The Court of Appeal so held, (i) allowing the appeal of the defendant, Fouad Al-Zayat, against Mr Justice David Steel who, on February 28, 2007, had struck out his defence to the claim of the claimant, Aspinall’s Club Ltd, for £2 million, and (ii) granting permission to defend the claim.
Mr David Lord for Mr Al-Zayat; Mr Patrick Goodall for Aspinall’s.
LORD JUSTICE LLOYD said that the defendant challenged the judge’s order giving summary judgment for the claimant on a cheque for £2 million drawn by the defendant. That cheque represented sums lost by the defendant in the course of gambling at the club operated by the claimant on March 10, 2000.
The defendant maintained that either when the cheque was drawn and handed over to the claimant, or thereafter, or both, the claimant infringed the prohibitions in section 16 of the Gaming Act 1968 on the provision of credit for gaming, and that therefore the sum otherwise due on the cheque was not recoverable.
The defendant had been a member of the club since 1994 and had gambled frequently as he continued to do until April 2006. During those 12 years he lost more tham £23 million. His loss on the night of March 10, 2000 was the largest that he suffered in a single session.
During that session the defendant drew four successive script cheques of £500,000 each in exchange for gaming tokens. He lost all the £2 million of gaming tokens. He disputed his liability to pay that sum.
He signed a preprinted but undated cheque on his account for £2 million but he contended that he only signed it on the understanding that it would not be presented unless the dispute was resolved.
Those facts were the basis of the defendant’s first line of defence, which was that the claimant provided credit to him in a way which was inconsistent with section 16 of the 1968 Act when it accepted the substitute cheque from him and returned the four script cheques to him.
Later the defendant countermanded the cheque.
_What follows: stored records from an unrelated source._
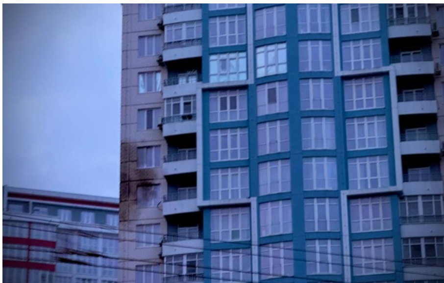
Жилой 22-этажный дом в Одессе получил повреждения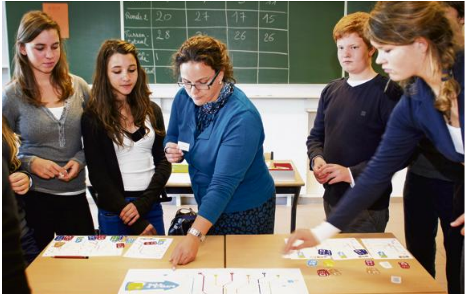
Leerlingen proberen het educatieve pakket uit. Antidepressiva mogen maar een deel zijn van het totaalaanbod.

Gaat het slecht met de gemoedstoestand van de Vlaamse jongeren? ‘Waarschijnlijk ligt het aantal jongeren met psychische problemen een stuk hoger dan de 30.000 jongeren die antidepressiva slikken’, zegt Boydens. ‘Er zijn immers ook andere behandelingen mogelijk. Maar de cijfers van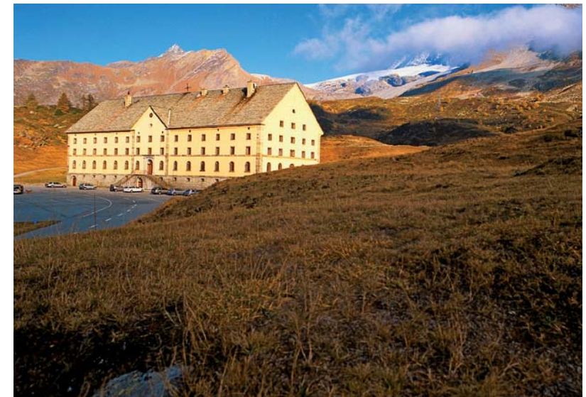
L'Hospice sur le col du Simplon

le massif hospice géré depuis son ouverture en 1831 par des moines du Grand St-Bernard et, un kilomètre au sud du col, l'« Alter Spittel » de Stockalper, qui était à la fois un poste de transbordement pour les porteurs, un lieu d'hébergement pour les voyageurs

On March 14, the club caused the cheque to be presented bearing the date March 10. It was not paid because of the defendant’s orders not to pay.
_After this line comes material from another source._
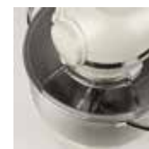
Contenitore in acciaio inox Coperchio con apertura

The present claim was brought only three days before the end of the six-year limitation period for a claim on the cheque. During much of that time the claimant permitted the defendant to continue gambling at its club, though always requiring payment in cash or on a third party’s account. During that period he lost more than £10 million.
The defendant took the point that the agreement to allow him to continue gambling with no steps being taken to recover the £2 million amounted to a breach of section 16 of the 1968 Act. In addition, he contended that the underlying loan agreements were null and void under the Gaming Act 1892.
His Lordship said that section 16 had since been repealed. Section 16(1) prohibited the provision of credit by a licence holder in two respects: first, for enabling any person to take part in gaming at the licence holder’s premises, and, second, in respect of any losses incurred by any person in such gaming; thus, both before and after the gaming.
The facts raised the question whether, if the underlying loan and original cheques were validly made and accepted, but later the licence holder committed a separate breach of section 16, for example, by redeeming the cheques in exchange for a substitute cheque in circumstances which did not comply with section 16(2A), or by giving credit for losses in breach of section 16(1)(b), did that affect the preexisting liability on the original loan?
The defendant’s first contentions arose from the circumstances in which the substitute cheque was signed and handed to the claimant. The judge had rejected those arguments, but in his Lordship’s view, the position was not clear. It could not be said that that defence had no prospect of success.
The club’s own evidence suggested a deliberate policy decision not to seek to enforce liability on the cheque while the defendant continued to gamble at the club.
The Master of the Rolls and Lord Justice Sedley delivered concurring judgments.
Solicitors: Quastels Avery Midgen; Beachcroft LLP.